I ℅=[(C2-C1)/C2] * 100 with C2: lesion diameter of the rot or penetration of the pathogen in the untreated control and C1: lesion diameter of the rot or penetration of the pathogen in the presence of the antagonist [33].

Statistical analysis

Data were subjected to a one-way analysis of variance (ANOVA) using SPSS 16.0. For the in vitro tests, each individual treatment was repeated three times and the essays were analyzed in a completely randomized model. The in vivo essay was analyzed in a completely randomized factorial model with two factors (antagonistic treatments and timing of application) and each individual treatment was repeated six times. Means were separated using Student-Newman-Keul’s (SNK) test (at P ≤ 0.05).

Results

Effect of Aspergillus spp. on the mycelial growth of Fusarium sambucinum and Phytophthora erythroseptica

Analysis of variance showed a highly significant (at P ≤ 0.05) inhibitory effect of the antagonists tested on the average colony diameter of F. sambucinum and P. erythroseptica, recorded after 7 and 4 days of incubation, respectively. Tested using the dual culture method, F. sambucinum and P. erythroseptica growth at 20°C were inhibited by 27 to 68% and by 16 to 25% by all Aspergillus isolates, respectively. The highest inhibitory activity against pathogens, as compared to the untreated control, was induced by the isolate CH12 of A. niger (Figures 1 and 2). An important inhibition of F. sambucinum by 37, 32 and 35% was also induced by the isolates CH1 and MC2 of A. niger and MC5 of A. flavus, respectively. The isolates CH2 and MC8 of A. terreus, CH8, CH4 and CH3 of Aspergillus sp. reduced the colony diameter of F. sambucinum by 31, 30, 29, 28 and 27%, respectively. A. niger was also active against P. erythroseptica, causing an inhibition of 24 and 22%, by the isolates MC2 and CH1, respectively. An inhibition of P. erythroseptica mycelial growth by 20 to 21% was achieved using the isolates CH2 of A. terreus, MC5 of A. flavus, and MC8 of A. terreus. The isolates of Aspergillus sp. (CH8, CH4 and CH3) were less active against P. erythroseptica with an inhibition of 19, 18 and 16%, respectively (Figure 1).

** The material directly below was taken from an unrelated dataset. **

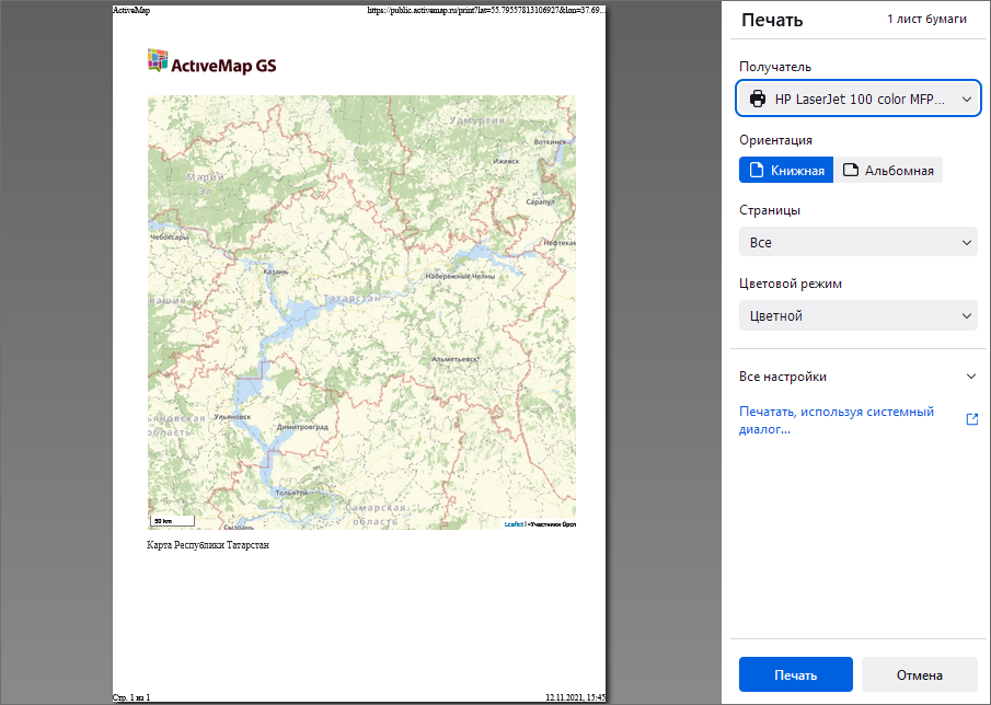 После нажатия на «Печать» принтер напечатает карту в том виде, в котором она была на экране на момент вызова мастера печати.

plant-pathology-microbiology-Effect-Aspergillus-mycelial

Figure 1: Effect of Aspergillus spp. on the mycelial growth of Fusarium sambucinum (a) and Phytophthora erythroseptica (b) noted after 7 and 4 days of incubation at 20°C, respectively, using the dual culture method. CH1, CH12, MC2: A. niger; CH2, MC8: A. terreus; CH3, CH4, CH8: Aspergillus sp.; MC5: A. flavus. Bars affected with the same letter are not significantly different according to Student-Newman-Keul’s test at P ≤ 0.05.

plant-pathology-microbiology-Effect-mycelial-growth

Figure 2: Effect of Aspergillus niger (isolate CH12) on the mycelial growth of Fusarium sambucinum and Phytophthora erythroseptica noted after 7 and 4 days of incubation at 20°C, respectively, as compared to the untreated controls.

Tested using the inverse double culture method, a significant reduction of F. sambucinum mycelial growth, by 27.84 and 27.45% compared to the untreated control was induced by the isolates CH2 of A. terreus and MC5 of A. flavus, respectively (Figures 3a and 4). All Aspergillus spp. tested had significantly inhibited P. erythroseptica by distance culture method from 9.24 to 23.09% compared to the untreated control. The highest reduction of P. erythroseptica mycelial growth was achieved using the isolates CH1, CH12, MC2 of A. niger and MC5 of A. flavus (Figures 3b and 4). An inhibition varying from 15.70 to 17.78% was caused by Aspergillus sp. isolates (CH3, CH4 and CH8) and MC8 of A. terreus. The isolate CH2 of A. terreus showed the lowest inhibition of P. erythroseptica at distance compared to the untreated control (Figure 3b).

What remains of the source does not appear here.